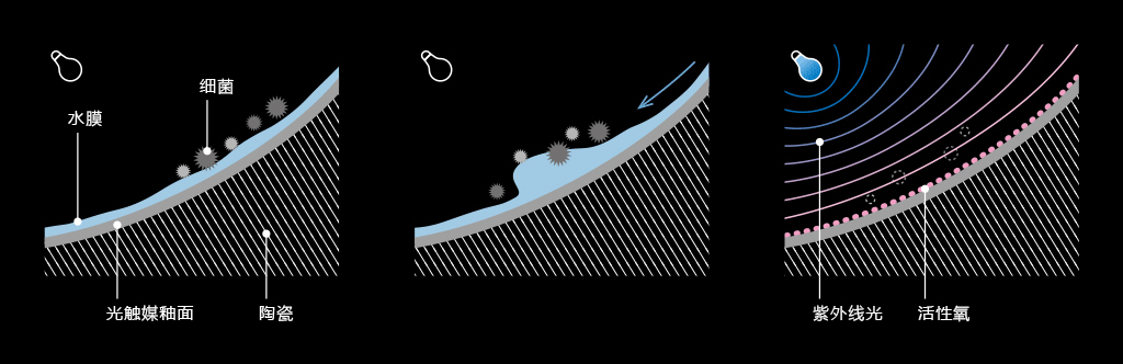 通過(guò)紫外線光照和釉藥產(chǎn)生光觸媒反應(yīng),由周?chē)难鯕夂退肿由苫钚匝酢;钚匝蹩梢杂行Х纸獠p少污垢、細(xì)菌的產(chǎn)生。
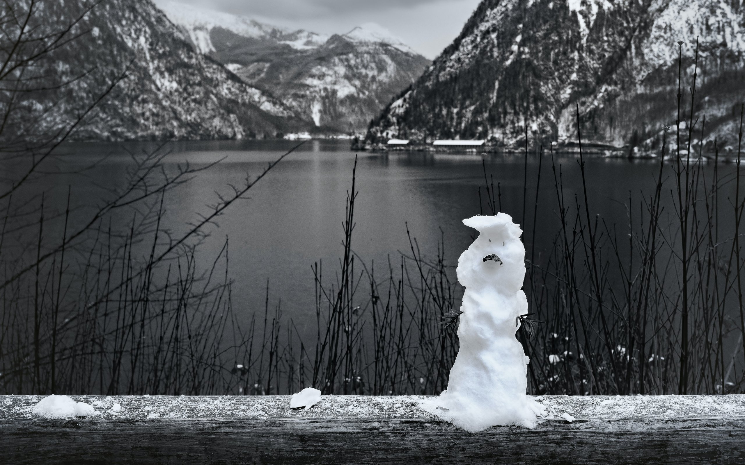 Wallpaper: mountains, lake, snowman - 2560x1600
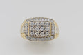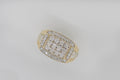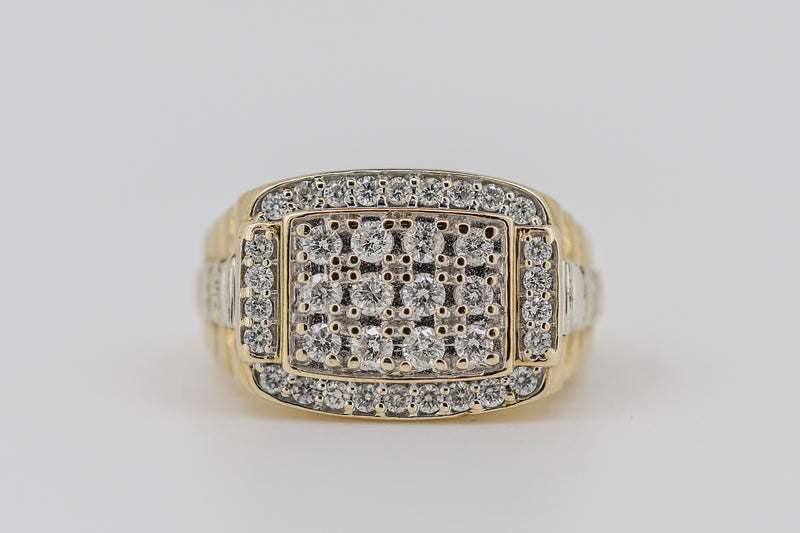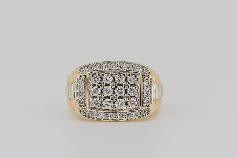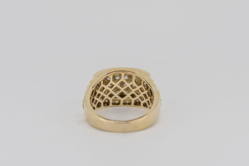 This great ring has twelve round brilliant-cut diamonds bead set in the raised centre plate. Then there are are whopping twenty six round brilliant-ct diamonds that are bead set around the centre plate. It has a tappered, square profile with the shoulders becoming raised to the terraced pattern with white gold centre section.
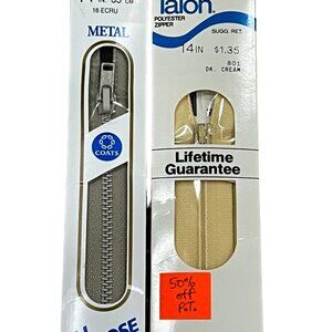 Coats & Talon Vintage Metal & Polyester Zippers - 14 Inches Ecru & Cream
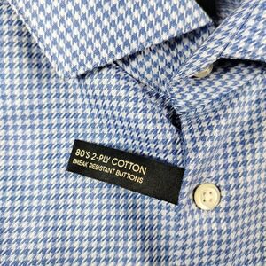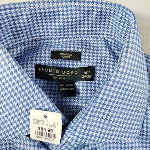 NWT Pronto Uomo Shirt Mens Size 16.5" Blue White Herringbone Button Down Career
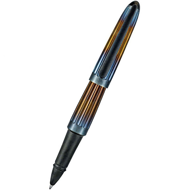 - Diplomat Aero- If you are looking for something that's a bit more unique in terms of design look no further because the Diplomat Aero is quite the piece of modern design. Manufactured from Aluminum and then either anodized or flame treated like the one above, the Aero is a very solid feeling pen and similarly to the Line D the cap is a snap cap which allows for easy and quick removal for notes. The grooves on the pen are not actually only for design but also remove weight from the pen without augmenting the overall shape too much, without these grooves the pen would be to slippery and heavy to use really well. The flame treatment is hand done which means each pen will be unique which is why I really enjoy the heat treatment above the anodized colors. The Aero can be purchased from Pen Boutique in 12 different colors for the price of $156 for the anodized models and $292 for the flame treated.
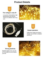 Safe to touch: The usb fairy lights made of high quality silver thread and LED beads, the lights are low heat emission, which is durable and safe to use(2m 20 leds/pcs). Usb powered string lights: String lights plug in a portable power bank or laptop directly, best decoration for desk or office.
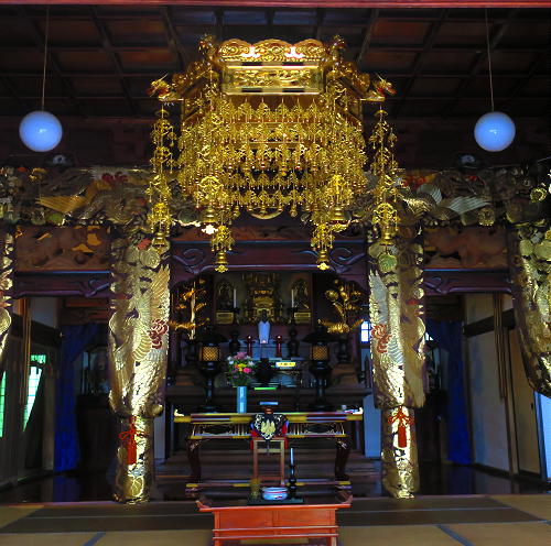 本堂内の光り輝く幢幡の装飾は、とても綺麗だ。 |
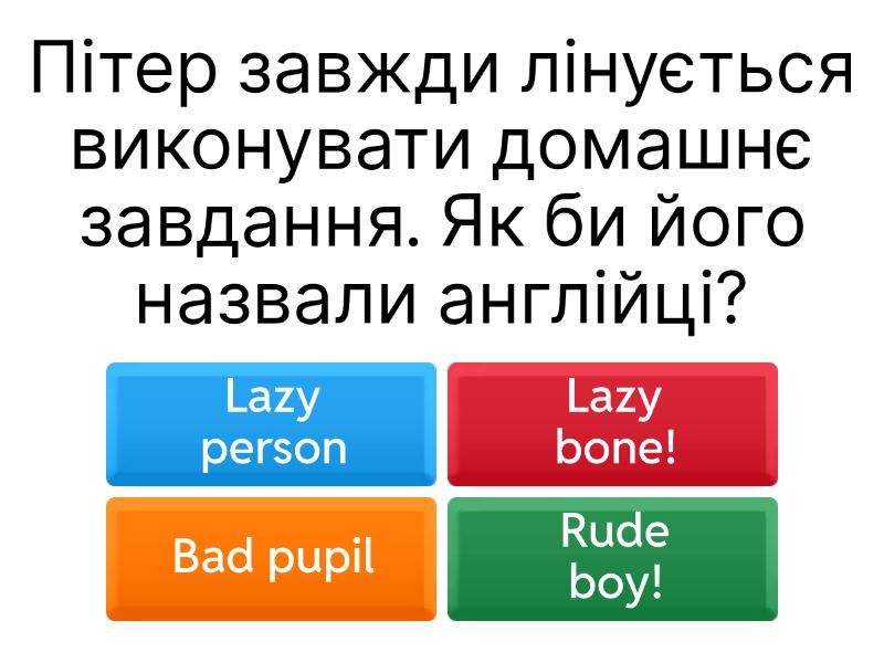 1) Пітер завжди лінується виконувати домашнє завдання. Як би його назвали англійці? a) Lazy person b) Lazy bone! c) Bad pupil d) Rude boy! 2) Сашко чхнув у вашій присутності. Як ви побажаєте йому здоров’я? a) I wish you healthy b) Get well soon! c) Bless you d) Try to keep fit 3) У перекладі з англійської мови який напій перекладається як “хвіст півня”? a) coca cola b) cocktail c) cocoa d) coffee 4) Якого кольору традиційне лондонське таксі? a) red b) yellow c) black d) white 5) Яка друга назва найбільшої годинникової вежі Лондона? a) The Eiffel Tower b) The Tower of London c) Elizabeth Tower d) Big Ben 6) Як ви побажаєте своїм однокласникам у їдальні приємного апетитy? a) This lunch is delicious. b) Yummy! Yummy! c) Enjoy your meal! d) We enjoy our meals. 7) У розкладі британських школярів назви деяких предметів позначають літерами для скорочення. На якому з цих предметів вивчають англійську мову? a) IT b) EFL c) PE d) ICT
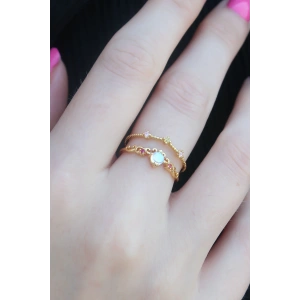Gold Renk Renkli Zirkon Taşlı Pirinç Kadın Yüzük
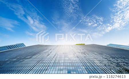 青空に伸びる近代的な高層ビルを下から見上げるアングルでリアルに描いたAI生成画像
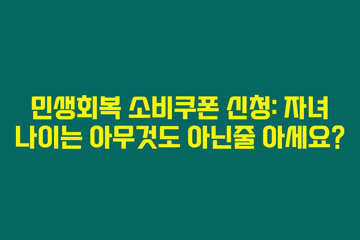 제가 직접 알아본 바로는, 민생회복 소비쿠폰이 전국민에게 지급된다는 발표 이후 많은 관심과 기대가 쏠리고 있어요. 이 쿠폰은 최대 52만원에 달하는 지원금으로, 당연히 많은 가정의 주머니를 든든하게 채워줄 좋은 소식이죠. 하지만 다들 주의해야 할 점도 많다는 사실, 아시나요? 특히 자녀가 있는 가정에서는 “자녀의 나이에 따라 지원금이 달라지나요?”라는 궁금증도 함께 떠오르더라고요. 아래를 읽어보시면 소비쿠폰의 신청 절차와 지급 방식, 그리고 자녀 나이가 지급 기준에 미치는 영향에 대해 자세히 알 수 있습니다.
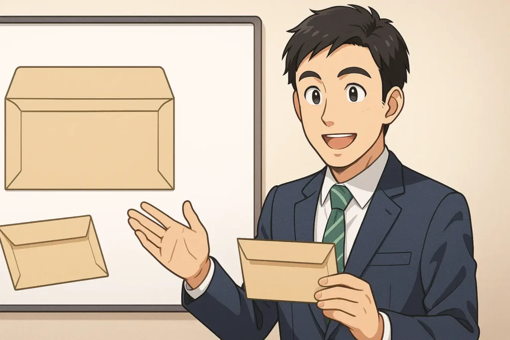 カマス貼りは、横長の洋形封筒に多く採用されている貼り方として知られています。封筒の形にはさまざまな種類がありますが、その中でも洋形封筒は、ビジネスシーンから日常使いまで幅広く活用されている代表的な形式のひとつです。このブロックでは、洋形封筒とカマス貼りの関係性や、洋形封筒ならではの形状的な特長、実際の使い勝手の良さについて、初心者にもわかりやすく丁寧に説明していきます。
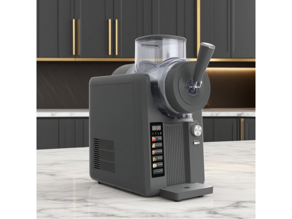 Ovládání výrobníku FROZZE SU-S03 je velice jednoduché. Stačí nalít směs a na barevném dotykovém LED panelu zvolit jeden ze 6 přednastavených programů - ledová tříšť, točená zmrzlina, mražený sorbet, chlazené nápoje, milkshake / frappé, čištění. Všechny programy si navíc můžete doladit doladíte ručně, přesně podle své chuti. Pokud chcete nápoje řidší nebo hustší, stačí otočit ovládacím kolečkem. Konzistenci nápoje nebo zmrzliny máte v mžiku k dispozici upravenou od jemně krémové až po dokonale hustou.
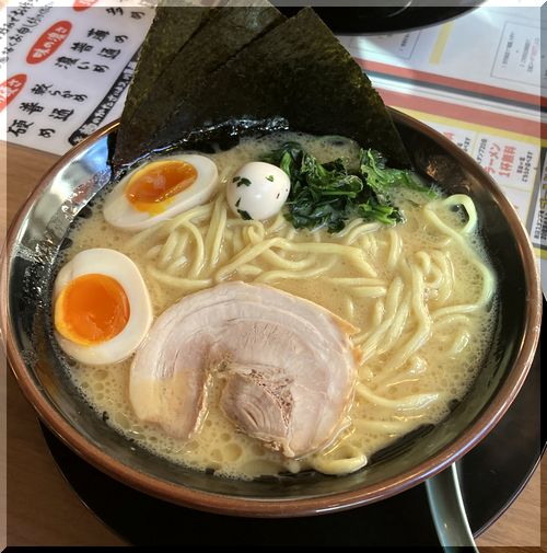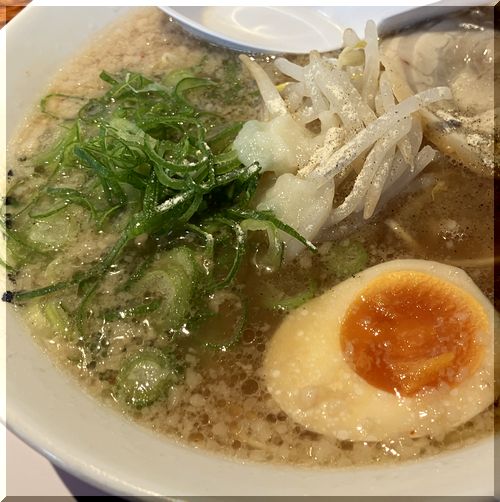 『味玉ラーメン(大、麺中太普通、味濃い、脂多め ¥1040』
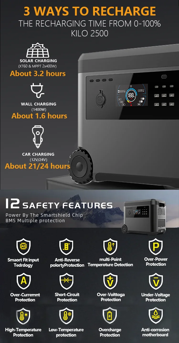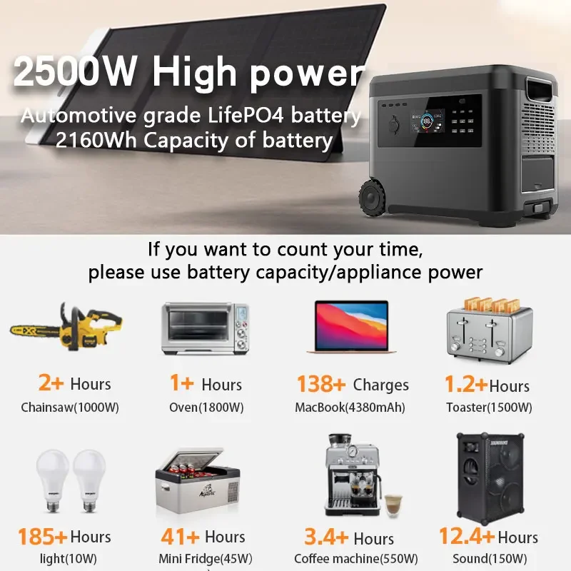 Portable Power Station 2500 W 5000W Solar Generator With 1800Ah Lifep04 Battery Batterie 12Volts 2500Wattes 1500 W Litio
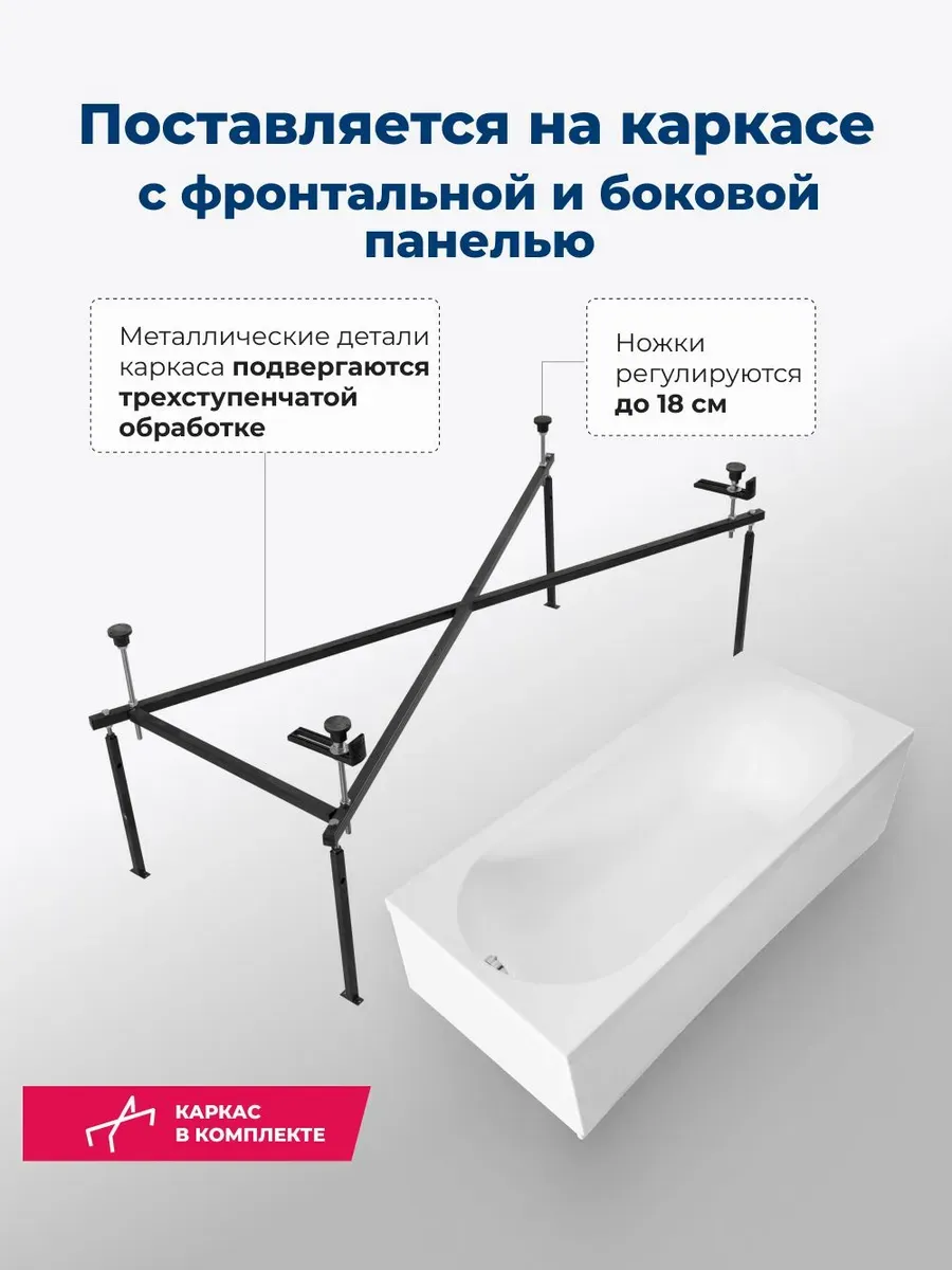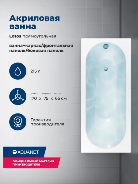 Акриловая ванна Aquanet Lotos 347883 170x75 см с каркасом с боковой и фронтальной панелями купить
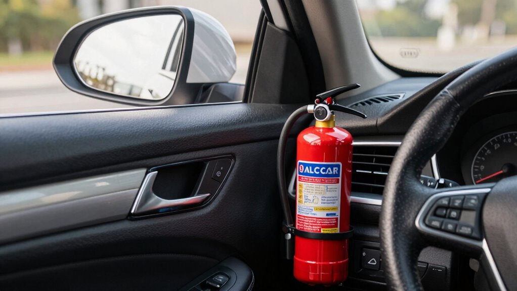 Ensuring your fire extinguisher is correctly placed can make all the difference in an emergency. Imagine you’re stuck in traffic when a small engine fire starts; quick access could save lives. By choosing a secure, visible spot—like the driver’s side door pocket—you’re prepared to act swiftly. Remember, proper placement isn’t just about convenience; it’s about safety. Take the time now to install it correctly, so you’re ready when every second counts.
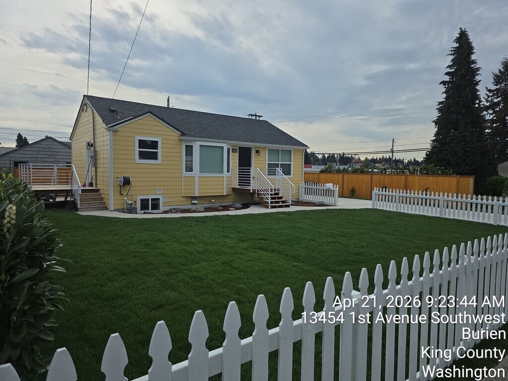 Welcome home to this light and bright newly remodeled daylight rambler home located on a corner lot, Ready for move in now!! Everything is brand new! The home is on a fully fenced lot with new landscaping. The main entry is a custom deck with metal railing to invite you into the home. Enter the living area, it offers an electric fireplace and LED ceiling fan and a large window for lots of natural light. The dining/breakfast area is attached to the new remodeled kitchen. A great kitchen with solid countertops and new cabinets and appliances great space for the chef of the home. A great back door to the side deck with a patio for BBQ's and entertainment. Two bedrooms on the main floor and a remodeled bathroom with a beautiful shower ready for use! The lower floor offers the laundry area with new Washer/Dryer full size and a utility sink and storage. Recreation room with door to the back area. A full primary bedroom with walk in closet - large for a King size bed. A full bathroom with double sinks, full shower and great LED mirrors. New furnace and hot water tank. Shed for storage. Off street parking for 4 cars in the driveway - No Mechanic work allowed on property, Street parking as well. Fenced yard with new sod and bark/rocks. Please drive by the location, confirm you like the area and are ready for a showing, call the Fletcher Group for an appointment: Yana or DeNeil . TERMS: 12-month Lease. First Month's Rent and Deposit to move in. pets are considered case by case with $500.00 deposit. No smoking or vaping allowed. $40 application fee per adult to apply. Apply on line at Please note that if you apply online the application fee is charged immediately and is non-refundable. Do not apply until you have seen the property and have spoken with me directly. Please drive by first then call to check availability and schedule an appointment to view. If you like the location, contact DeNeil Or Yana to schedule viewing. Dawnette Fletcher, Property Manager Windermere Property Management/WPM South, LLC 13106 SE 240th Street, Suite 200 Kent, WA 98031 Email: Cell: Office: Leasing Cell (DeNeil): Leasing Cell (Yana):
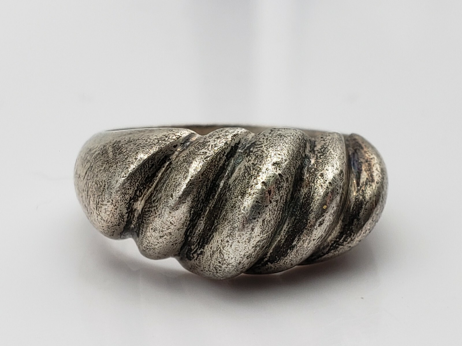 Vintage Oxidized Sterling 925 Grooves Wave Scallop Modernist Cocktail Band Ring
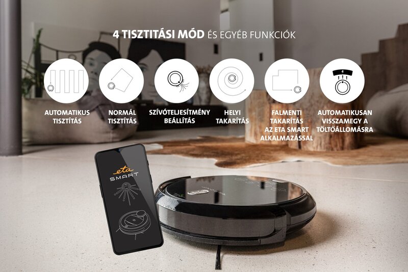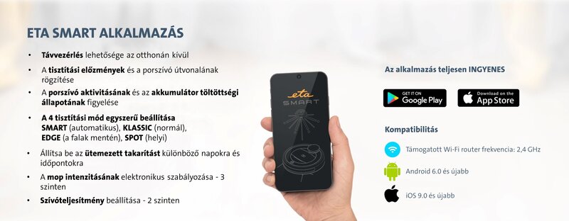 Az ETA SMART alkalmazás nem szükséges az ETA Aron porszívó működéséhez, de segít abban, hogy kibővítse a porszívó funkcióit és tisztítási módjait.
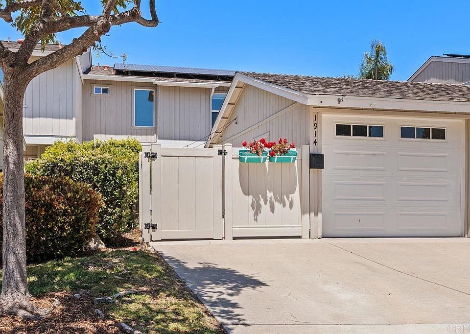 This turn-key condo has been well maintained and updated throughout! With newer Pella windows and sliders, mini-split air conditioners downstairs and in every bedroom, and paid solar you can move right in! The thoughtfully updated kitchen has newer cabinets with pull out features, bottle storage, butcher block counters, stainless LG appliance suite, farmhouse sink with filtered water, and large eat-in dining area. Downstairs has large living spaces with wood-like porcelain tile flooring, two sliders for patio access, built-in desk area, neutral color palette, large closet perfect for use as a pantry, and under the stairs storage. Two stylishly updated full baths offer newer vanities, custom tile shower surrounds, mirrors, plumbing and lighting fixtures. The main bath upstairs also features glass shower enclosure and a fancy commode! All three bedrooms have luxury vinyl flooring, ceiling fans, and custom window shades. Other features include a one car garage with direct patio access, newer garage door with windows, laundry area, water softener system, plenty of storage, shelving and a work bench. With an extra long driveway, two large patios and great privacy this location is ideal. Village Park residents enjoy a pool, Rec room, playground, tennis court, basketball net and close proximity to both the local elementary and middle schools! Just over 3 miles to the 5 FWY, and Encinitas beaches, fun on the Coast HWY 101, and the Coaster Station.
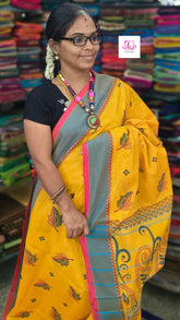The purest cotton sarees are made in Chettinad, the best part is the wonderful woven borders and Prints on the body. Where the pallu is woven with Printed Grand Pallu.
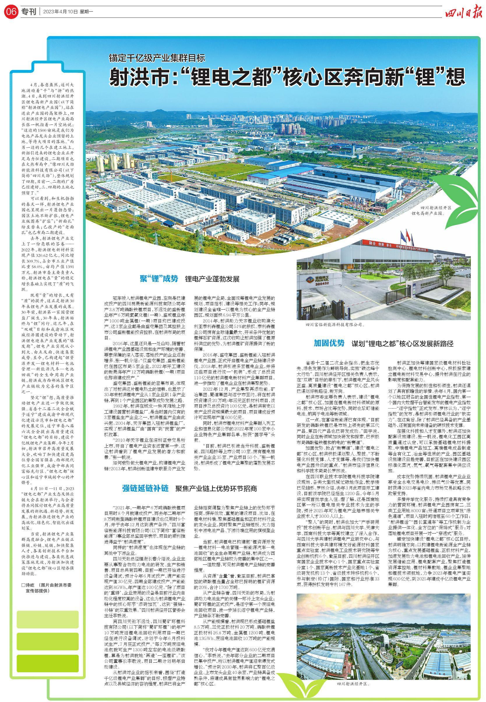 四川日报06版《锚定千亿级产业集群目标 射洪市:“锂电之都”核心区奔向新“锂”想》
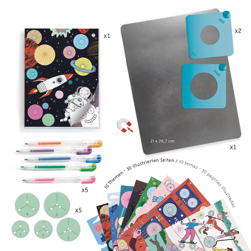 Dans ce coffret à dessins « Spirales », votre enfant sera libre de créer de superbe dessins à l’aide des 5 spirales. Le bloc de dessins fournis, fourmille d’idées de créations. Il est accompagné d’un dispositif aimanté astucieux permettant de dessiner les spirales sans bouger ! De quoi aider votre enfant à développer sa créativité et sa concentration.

────────────────────

PROBLEM TO WORK ON | Keep to the stretch from the line containing "Vintage Oxidized Sterling" through the line containing "Az ETA SMART", both ends included, and copy it exactly from the listing above, minus the pictures.

ANSWER TO THE PROBLEM |
 Vintage Oxidized Sterling 925 Grooves Wave Scallop Modernist Cocktail Band Ring
 Az ETA SMART alkalmazás nem szükséges az ETA Aron porszívó működéséhez, de segít abban, hogy kibővítse a porszívó funkcióit és tisztítási módjait.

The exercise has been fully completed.